Without forgiveness, you run the risk of bringing resentment into your marriage, which won’t bode well for you. It’s not an easy process. But, if I can do it, then I know you can too.
It all comes back to those feelings and emotions. Make sure you recognise them and deal with them when they surface, to help you forgive and move on from what your husband has done.
I wish I could give you the formula for forgiveness or an easy guide to help you through. But we can’t control our feelings and thoughts. And we all experience such different feelings and thoughts.
I can tell you it’s about you and your situation. It’s about you and your feelings.
Choosing to forgive is a choice you make every morning when you wake and every night when you go to sleep. And only in time does it become second nature to you.
At the beginning, it will hurt. A lot. So, be gentle with yourself and hug yourself a little tighter when you need it.
I know I did. And while forgiveness comes much more easily to me, it still hurts.
5) Go to counselling
Not just the counselling for you (which I’ve already told you helped me immensely).
Counselling for the two of you.
Never feel like you’re alone in this. I can’t tell you how alone and isolated I felt when my husband first cheated. It’s like I was the only woman in the world who had been cheated on.
You’re not. I wasn’t.
Couple’s counselling helped me realise this. It also taught us how to build up that trust again.
We were offered actionable things we could do to make our marriage work going forward. And we were offered this advice from someone who knew and understood exactly what we were going through.
She knew what it would take to get back on track.
We trusted her blindly.
And it worked.
6) Know when to quit
To the woman who decides her marriage isn’t worth it, I also see you.
I hear you.
I’ve been you.
It’s so damn hard.
I wanted to quit a number of times. There was no one to guide me and tell me forgiveness was going to be this hard.
But, it was.
If you decide you want to leave him, then I support you. You’ve made a brave choice and I know how much it must hurt for you to go this route. No decision is ever made lightly.
Your friends and family might not understand this, but I do.
Sometimes, it’s just too hard.
Sometimes, you simply can’t move on.
Only YOU know what’s going on in your life. Only you know what’s going on in your marriage.
Moving on together
At the end of the day, your marriage will never be the same.
Sadly, it’s too late to turn back the clock and make his actions disappear (I know, I’ve tried).
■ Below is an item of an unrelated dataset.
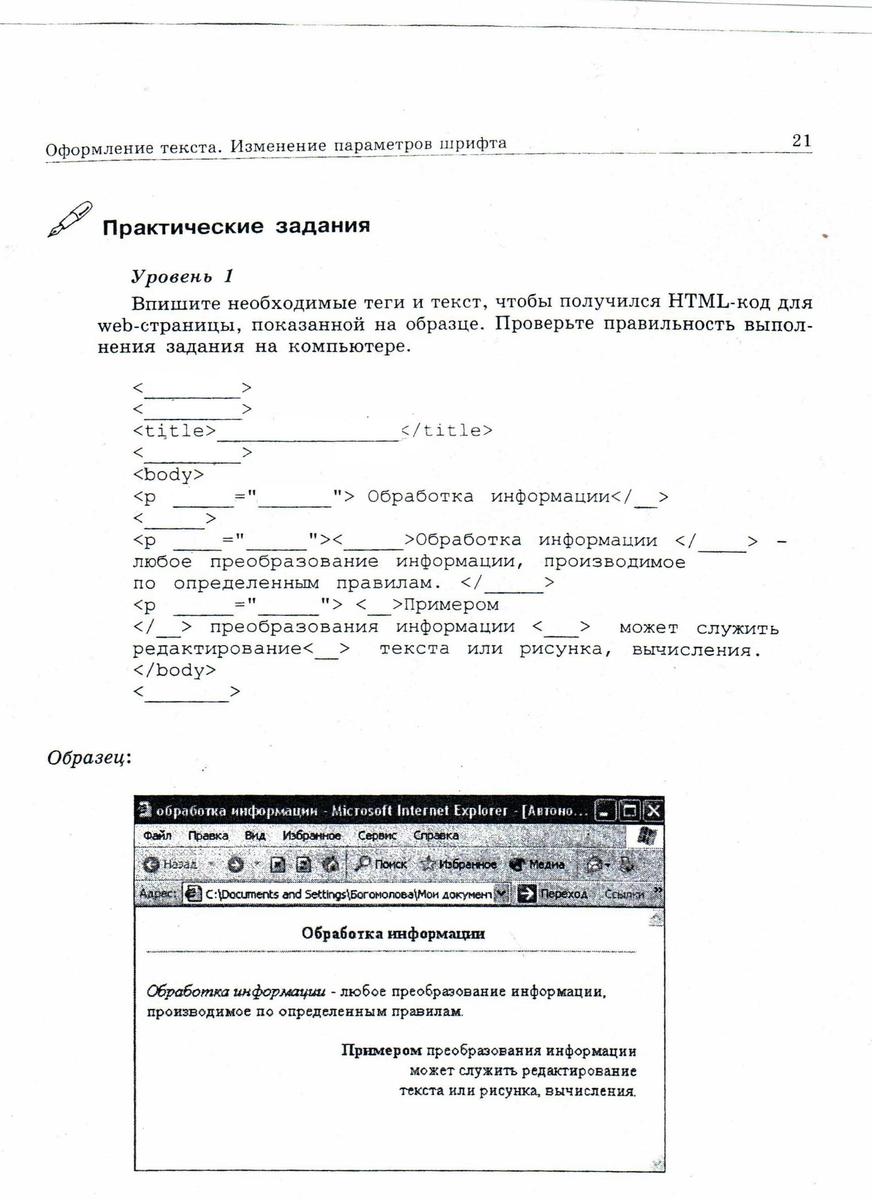 Впишите необходимые теги и текст, чтобы получился HTML-код для web-страницы, показанной на образце.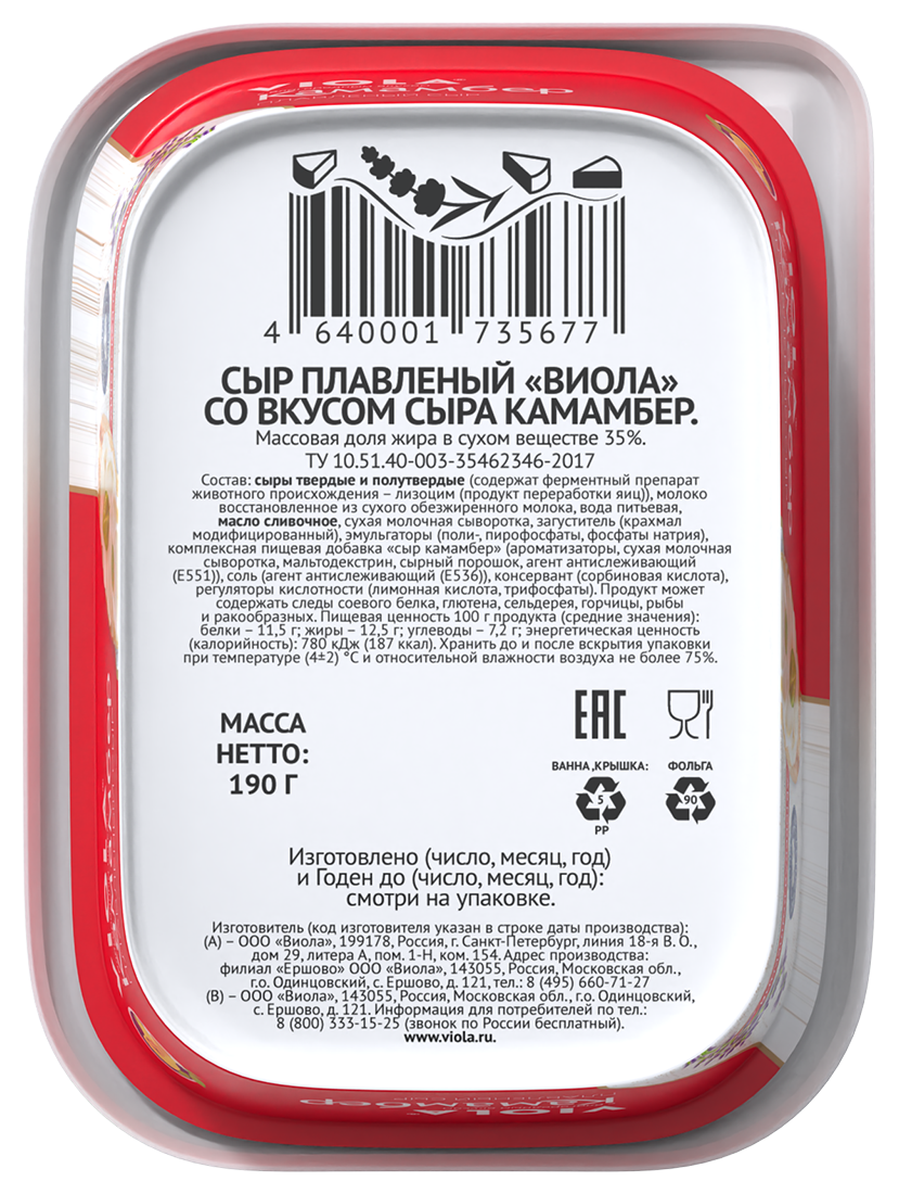 Откройте для себя плавленый сыр Viola с изысканным вкусом Камамбера -нежный сливочный сырс благородной трюфельной нотой.Новинку оценят практичные гурманы и любители оригинальных вкусов. Сливочнаятекстура Viola Камамбер в удобном формате позволитлегко создать идеальный бутерброд. Просто намажьте сыр на хрустящий багет или добавьте в теплый круассан. Viola мгновенно превратит ваш завтрак в изысканное гастрономическое путешествие.

But you will reach a point of healing along the way. And it feels great. There’s a renewed hope that you can make it work. You can be stronger than ever before.
The most important thing is to make sure you have no regrets. You’ve chosen this path for the right reasons and it’s 100% what you want. If it is, you can make it work.
My husband’s poor decision hasn’t ruined our marriage, because I didn’t give it the chance to. That would have been the much easier option, trust me.
But I fought for us and what we once had and with his help, we made it back from there.
The minute you let resentment eat away at you, all that will be lost.
I know, right now your heart is broken into 1000 pieces and you have no idea how to pick them all up and mend them. But you will. One step at a time.
You’ve got this. And I’m right here to support you.